Transcribe the entries below exactly, starting with the line that has "2019 Topps Chrome" and stopping after the line that has "The very first"; no pictures belong in the copy.

Data listing:
= = = = =

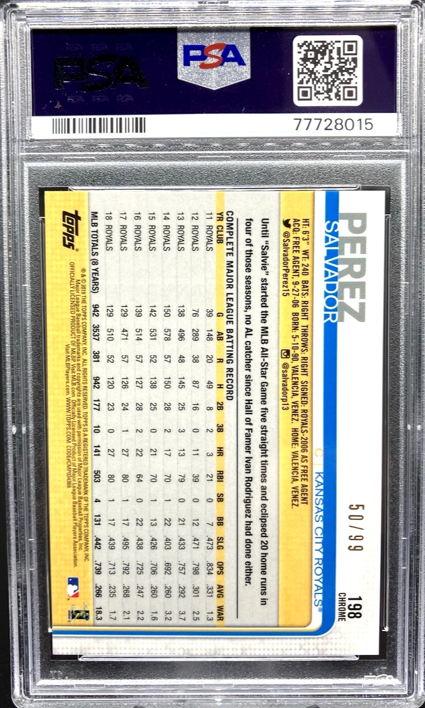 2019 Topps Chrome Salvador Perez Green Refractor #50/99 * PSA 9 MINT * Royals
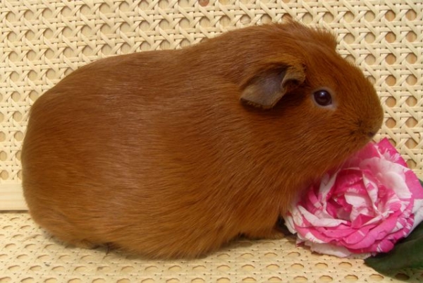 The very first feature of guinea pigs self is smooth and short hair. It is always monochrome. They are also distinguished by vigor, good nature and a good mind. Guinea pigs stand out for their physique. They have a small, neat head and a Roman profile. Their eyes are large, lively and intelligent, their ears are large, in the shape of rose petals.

= = = = =

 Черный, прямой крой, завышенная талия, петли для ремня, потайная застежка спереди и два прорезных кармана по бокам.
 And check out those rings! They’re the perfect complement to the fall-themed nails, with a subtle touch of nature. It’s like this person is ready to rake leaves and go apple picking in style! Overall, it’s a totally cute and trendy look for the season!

= = = = =

Answer below:
 2019 Topps Chrome Salvador Perez Green Refractor #50/99 * PSA 9 MINT * Royals
 The very first feature of guinea pigs self is smooth and short hair. It is always monochrome. They are also distinguished by vigor, good nature and a good mind. Guinea pigs stand out for their physique. They have a small, neat head and a Roman profile. Their eyes are large, lively and intelligent, their ears are large, in the shape of rose petals.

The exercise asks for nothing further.